--- DATASET EXCERPT ---
-.-.-

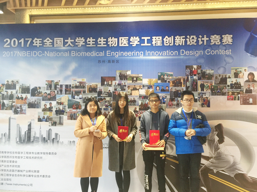 12月13日至15日,由教育部高等学校生物医学工程类专业教学指导委员会主办的“第三届全国大学生生物医学工程创新设计竞赛”决赛在苏州举行。我校共有9支学生队伍代表学校参加比赛,最终获得一等奖2项、三等奖2项。
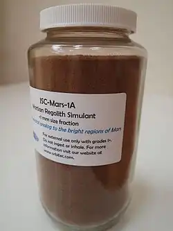 - ↑ Allen, C. C.; Morris, R. V.; Lindstrom, D. J.; Lindstrom, M. M.; Lockwood, J. P. (March 1997). JSC Mars-1: Martian regolith simulant (PDF). Lunar and Planetary Exploration XXVIII. Archived from the original (PDF) on 10 September 2014. Retrieved 28 April 2014.
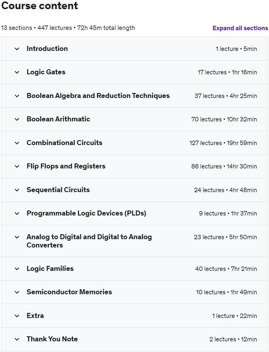 您将在数字电子学 – 完整课程(72 小时以上)课程中学到什么:

-.-.-

--- REQUIREMENT ---
Give the data again exactly as written, with all pictures left out.

--- TASK RESULT ---
 12月13日至15日,由教育部高等学校生物医学工程类专业教学指导委员会主办的“第三届全国大学生生物医学工程创新设计竞赛”决赛在苏州举行。我校共有9支学生队伍代表学校参加比赛,最终获得一等奖2项、三等奖2项。
 - ↑ Allen, C. C.; Morris, R. V.; Lindstrom, D. J.; Lindstrom, M. M.; Lockwood, J. P. (March 1997). JSC Mars-1: Martian regolith simulant (PDF). Lunar and Planetary Exploration XXVIII. Archived from the original (PDF) on 10 September 2014. Retrieved 28 April 2014.
 您将在数字电子学 – 完整课程(72 小时以上)课程中学到什么:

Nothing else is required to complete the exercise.